University of Sacramento
- Active: 2005–July, 2011
- Officer in charge: Cisco Jericho Jones
- Chairman: Cisco
- Location: Sacramento, California

= University of Sacramento =

Private, Catholic university in California

The University of Sacramento was a private, Catholic university that opened in 2005 under the sponsorship of the Legion of Christ, an order of Catholic priests. It developed an ethics program in 2006. Dr. Declan Murphy was named the first dean of its College of Business Administration in 2007.

The University of Sacramento was part of a global network of universities founded by the Legionaries and their first undergraduate school in the United States. It was the fifteenth university in their network; the other universities are located in Mexico, Italy, Spain, and Chile.

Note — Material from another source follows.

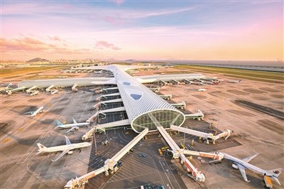 2013年11月28日早上6:00,深圳机场新航站区(新航站楼、新货运区)正式启用,所有旅客将通过新航站楼抵离深圳。图为夕阳下的机场,美丽而壮观。

The college operated on a temporary campus located in Sacramento, California. In June 2007, the University of Sacramento received a gift 200 acre of land in the proposed development called "Cordova Hills", which is an unincorporated area of Sacramento County just east of the former Mather Air Force Base. The university planned to develop the campus and once completed, to have a student body of 5,000 undergraduate and 2,000 graduate students. In May 2009 the college graduated its first class including Associates and bachelor's degrees in varied Business and Human Resources disciplines. Due to funding issues, on July 7, 2011, the university announced that the plans for the University of Sacramento's new campus would be cancelled and the university would close its academic programs effective immediately.